On 4/22/19 11:29 AM, Liam Miller-Cushon wrote:
Please consider this proposal for a library to help implement equals and
hashCode.

The doc includes a discussion of the motivation for adding such an API to
the JDK, a map of the design space, and some thoughts on the subset of that
space which might be most interesting:

http://cr.openjdk.java.net/~cushon/amber/equivalence.html

Hi Liam,

Thanks for the discussion here. I don't have many specific points to add at the moment, but as you probably know, this has been discussed before. I think it would be useful to add links to those previous discussions to help comparison and analysis.

There are a couple RFEs in JIRA that cover this and related topics:

    JDK-4771660 (coll) Comparator, Comparable, Identity, and Equivalence
    JDK-6270657 (coll) remove/contains and "Equators" other than .equals()

Note these are filed under the collections subcomponent since that's where most of the use cases seem to fall, e.g., for set.contains(obj) [unless the set is a SortedSet, blah blah blah].

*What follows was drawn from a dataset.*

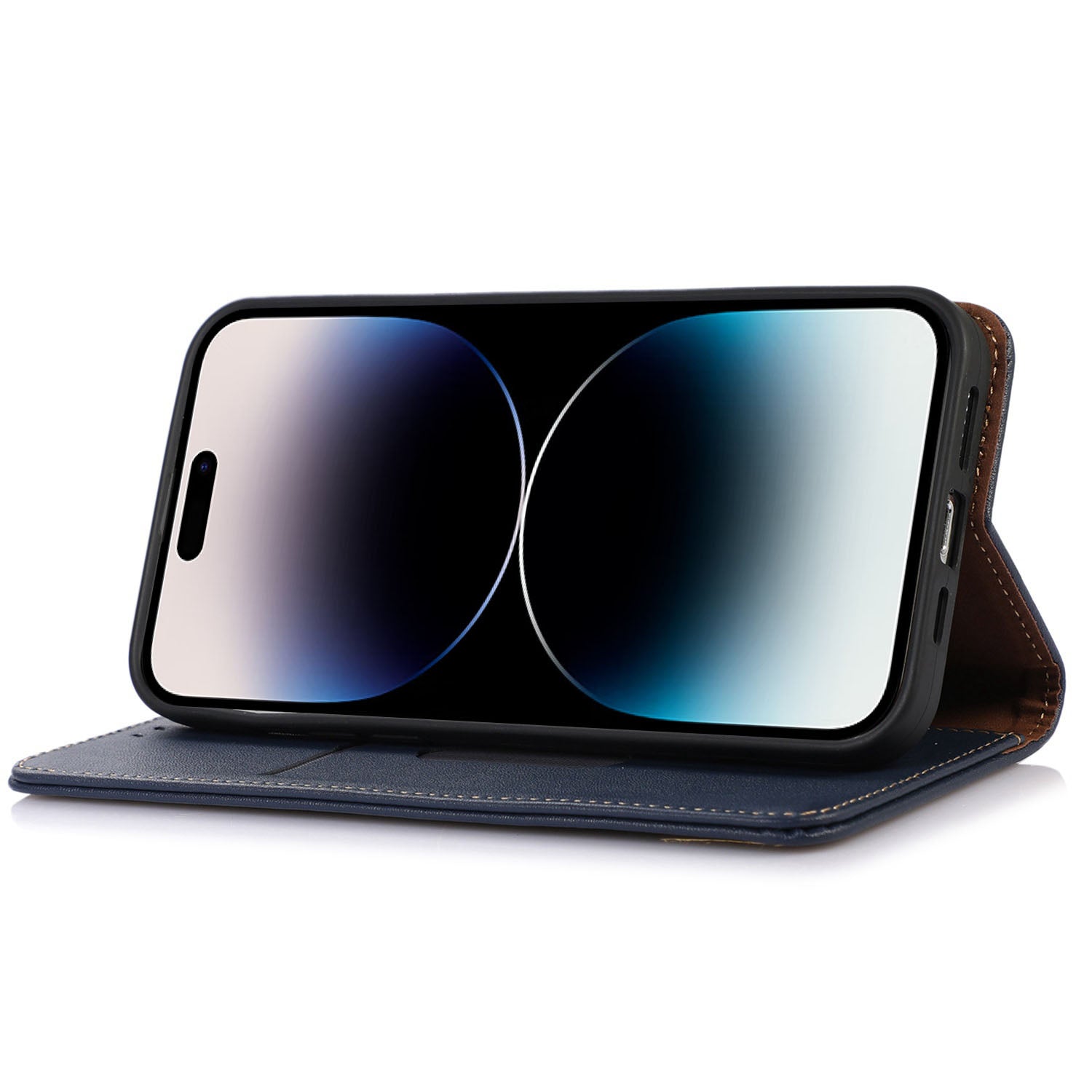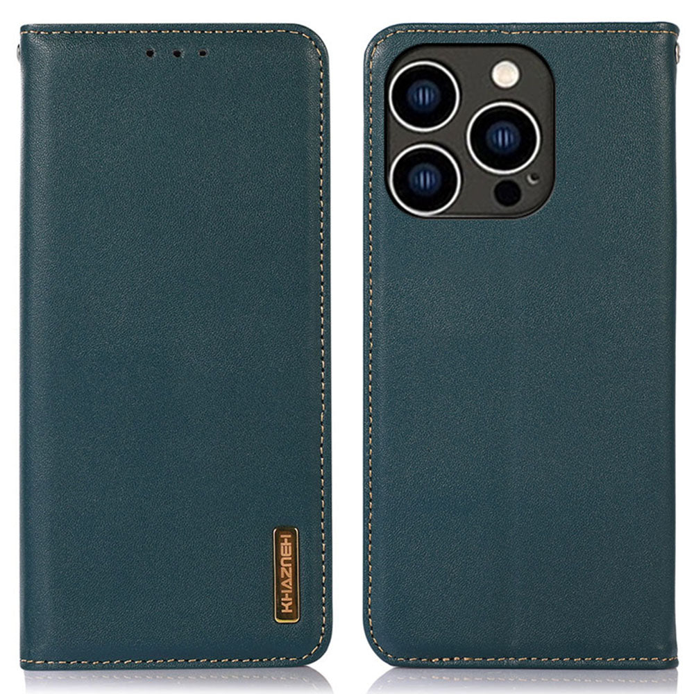 KHAZNEH Pro iPhone 15 Pro Max RFID blokovací pouzdro na telefon Originální stojánek na peněženku z hovězí kůže Flip Cover

I think the Odersky article about Java equals() methods that was referred to elsewhere is this one:

    https://www.artima.com/lejava/articles/equality.html

On hashing, the base-31 polynomial is certainly "traditional" but it's not without faults. John Rose wrote up a bunch of notes in the form of a draft JEP;

    JDK-8201462 Better hash codes

I don't know if this is going anywhere as a JEP at the moment, but it certainly points out that we can do better by default than the base-31 formula.

Finally, I agree that the hash function should be left unspecified, but if it has a well-known and predictable implementation, it will shortly become the "de facto" specification and will be very difficult to change in the future. I'm therefore in favor of more aggressive approaches to create a defensible space for future changes. This might include randomization, perhaps on by default, perhaps opt-out, or possibly something else.